(Extracted records)
____

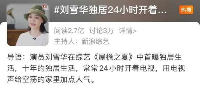 除了老年人恋爱让人上头之外,老年人的独居生活也开始备受关注。这些天,62岁的刘雪华频频登上热搜,她参加了一档记录独居老人生活状态的综艺节目《屋檐之夏》,在节目中展示了老人真实的独居生活。
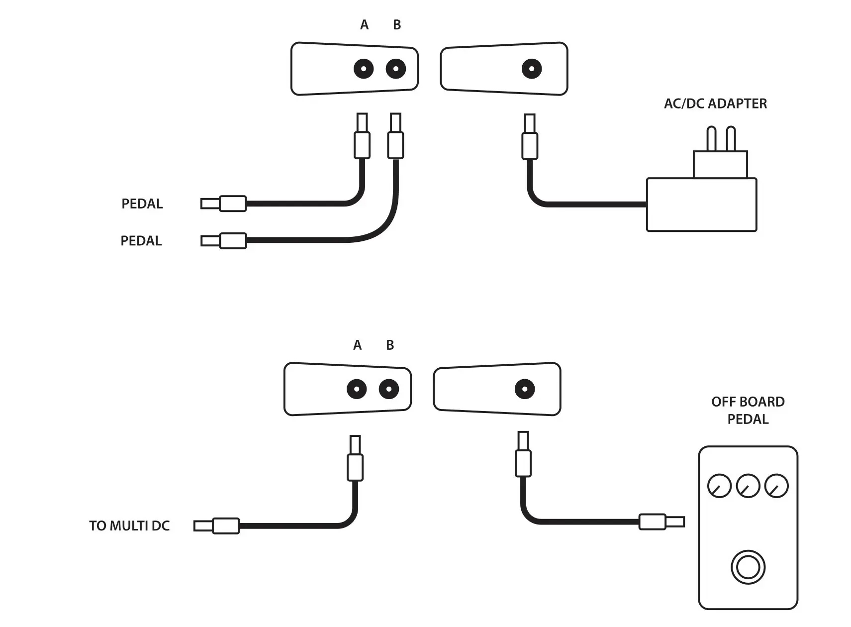El MOD DC utiliza un jack de entrada de 2,1 x 5,5 milímetros que se conecta internamente a dos jacks de salida paralelos (A y B) de la misma medida. Esta configuración de jack pasa-corriente permite que la energía se distribuya de manera eficiente a múltiples pedales o a la fuente de alimentación principal. Además, ofrece la flexibilidad de conectar pedales externos (como un Wah) en dirección opuesta si fuese necesario, optimizando el uso de cables de conexión y fuentes de poder.
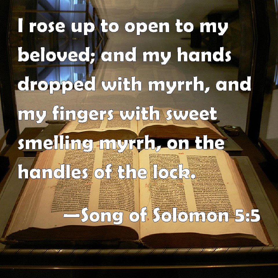 Choose a Background Song of Solomon 5:5 I rose up to open to my beloved; and my hands dropped with myrrh, and my fingers with sweet smelling myrrh, on the handles of the lock. KJV: I rose up to open to my beloved; and my hands dropped with myrrh, and my fingers with sweet smelling myrrh, upon the handles of the lock. DRB: I arose up to open to my beloved: my hands dropped with myrrh, and my fingers were full of the choicest myrrh. DBT: I rose up to open to my beloved; And my hands dropped with myrrh, And my fingers with liquid myrrh, Upon the handles of the lock. ERV: I rose up to open to my beloved; and my hands dropped with myrrh, and my fingers with liquid myrrh, upon the handles of the bolt. WBT: I rose up to open to my beloved: and my hands dropped with myrrh, and my fingers with sweet-smelling myrrh, upon the handles of the lock. WEB: I rose up to open for my beloved. My hands dripped with myrrh, my fingers with liquid myrrh, on the handles of the lock. YLT: I rose to open to my beloved, And my hands dropped myrrh, Yea, my fingers flowing myrrh, On the handles of the lock.Links Song of Solomon 5:5 NIV • Song of Solomon 5:5 NLT • Song of Solomon 5:5 ESV • Song of Solomon 5:5 NASB • Song of Solomon 5:5 KJV • Song of Solomon 5:5 Interlinear • Song of Solomon 5:5 Commentaries • Song of Solomon 5:5 Parallel Texts • Song of Solomon 5:5 Bible Apps • Song of Solomon 5:5 Parallel • Bible Hub |
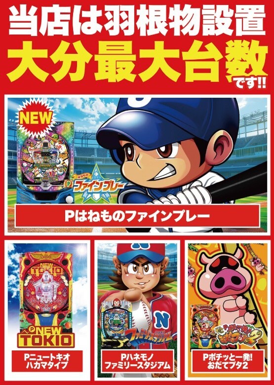 恒例の新機種紹介シリーズ! 第8弾はっ! ・Pはねものファインプレー p-town.dmm.com/machines/4878/ 南大分店の羽根モノシリーズに 名機になり得る機種が大登場✨️ 台数規模は大分最大級へ👍 遂に明日より稼働開始予定なり。 #パチンコ #羽根モノ #大分最大級 #ファインプレー #ファミスタ #Dステ南大分 pic.x.com/UolHuERlAJ
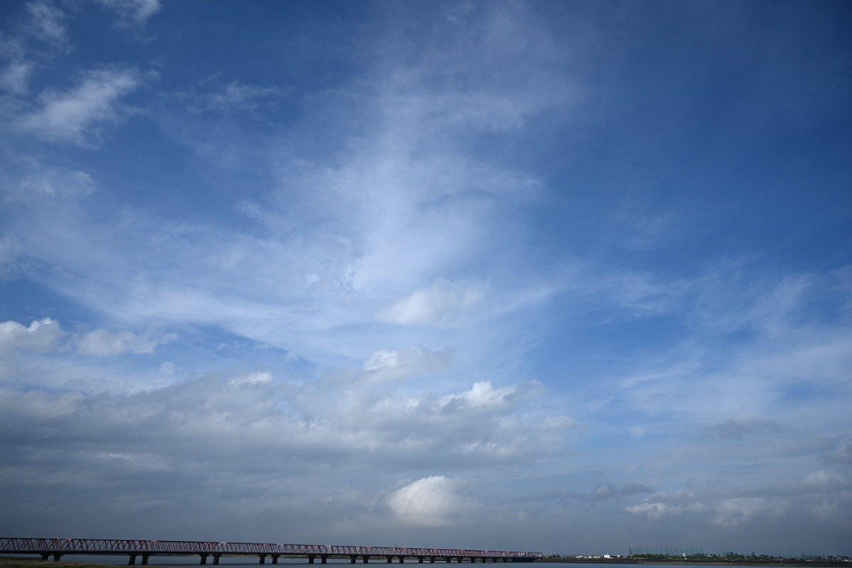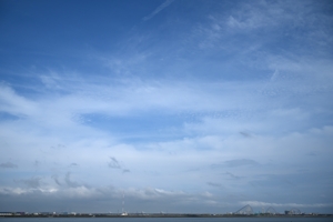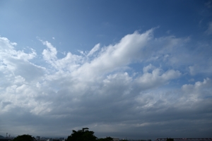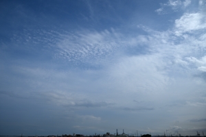 北日本に向かって日本海を低気圧が通過。 寒冷前線が通過して、愛知県三河方面などで 雷雨。三重県北部は雨のみでした。 夕方、青空の見え始めた空には、下層に 層積雲、上層に巻層雲などがあらわれました。。 |

____

Exercise aim:
Your answer must be the lines from the one containing "恒例の新機種紹介シリーズ! 第8弾はっ! ・Pはねものファインプレー" through the last line of the records, copied exactly, with no pictures.

Exercise output:
 恒例の新機種紹介シリーズ! 第8弾はっ! ・Pはねものファインプレー p-town.dmm.com/machines/4878/ 南大分店の羽根モノシリーズに 名機になり得る機種が大登場✨️ 台数規模は大分最大級へ👍 遂に明日より稼働開始予定なり。 #パチンコ #羽根モノ #大分最大級 #ファインプレー #ファミスタ #Dステ南大分 pic.x.com/UolHuERlAJ
 北日本に向かって日本海を低気圧が通過。 寒冷前線が通過して、愛知県三河方面などで 雷雨。三重県北部は雨のみでした。 夕方、青空の見え始めた空には、下層に 層積雲、上層に巻層雲などがあらわれました。。 |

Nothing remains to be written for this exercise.